According to the Court, the “traditional principles of state law” that apply to domestic arbitrations under chapter 1 of the Federal Arbitration Act (FAA) include doctrines such as equitable estoppel that authorize the enforcement of a contract by a non-signatory. When the U.S. Congress added chapter 2 to the FAA to implement the New York Convention, newly added section 208 of the FAA stated that “Chapter 1 applies to actions and proceedings brought under this chapter to the extent that [Chapter 1] is not in conflict with this chapter or the Convention.”
Therefore, said Justice Thomas, “We must determine whether the equitable estoppel doctrines permitted under Chapter 1 of the FAA . . . conflict with . . . the Convention. . . . Applying familiar tools of treaty interpretation, we conclude that they do not conflict.” The New York Convention being silent as to the availability of doctrines for non-signatories to enforce arbitration agreements, the Court held “that silence is dispositive here because nothing in the text of the Convention can be read to otherwise prohibit the application of domestic equitable estoppel doctrines.”
In keeping with prior jurisprudence, the portions of the Court’s opinion discussing the proper interpretation of the New York Convention make no mention of international law, whether customary or conventional, as a source for interpreting international treaties.
The Court’s opinion did consider “as ‘aids to its interpretation,’ the negotiation and drafting history of the treaty as well as ‘the post-ratification understanding’ of signatory nations.’” Justice Thomas saw “nothing” in the drafting history of the New York Convention “that suggests that the Convention sought to prevent contracting states from applying domestic law that permits non-signatories to enforce arbitration agreements in additional circumstances.” Further,
[i]n their discussion of [New York Convention Article II], the delegates to the Convention voiced frequent concern that courts of signatory countries . . . should not be permitted to decline enforcement of such agreements on the basis of parochial views of their desirability or in a manner that would diminish the mutually binding nature of the agreements.

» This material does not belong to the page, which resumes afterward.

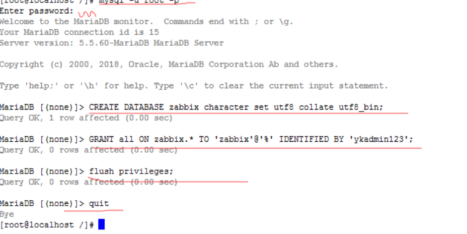 #GRANT all ON zabbix.* TO 'zabbix'@'%' IDENTIFIED BY 'ykadmin123'; #授予zabbix用户zabbix数据库的所有权限,密码ykadmin123

Additionally, among other post-ratification matters, the “weight of authority from contracting states” indicated to the Court that the New York Convention does not prohibit the application of domestic law relating to the enforcement of arbitration agreements. “[T]o the extent this evidence is given any weight,” said the Court, “it confirms our interpretation of the Convention’s text.”
Concluding, Justice Thomas noted that the Court of Appeals had not determined whether GE Energy “could enforce the arbitration clauses under principles of equitable estoppel or which body of law governs that interpretation.” The Court remanded those questions to the Court of Appeals.
Justice Sotomayor joined the Court’s opinion “in full” but also concurred separately to emphasize that “the application of such domestic doctrines is subject to an important limitation: Any applicable domestic doctrines must be rooted in the principle of consent to arbitrate.”
In considering the impact of GE Energy v. Outokumpu, the Court grounded the availability of these non-signatory doctrines in "traditional principles of state law" under FAA chapter 1 and called for the lower courts to determine “which body of law governs that interpretation.” The Court has therefore unanimously made clear that courts (and presumably arbitrators) considering whether or not to hold a non-signatory to arbitrate must first identify the governing law and then identify and apply the elements of the relevant doctrine(s) set out by the governing law to decide the non-signatory issue. Since one of the parties in the dispute is by definition a non-signatory, finding mutual agreement to a governing law can be very hard. Applying a balancing test to identify the governing law can be even harder. And, in an international case, if that balancing test points to a foreign state with an underdeveloped body of relevant law, the difficulties may be magnified.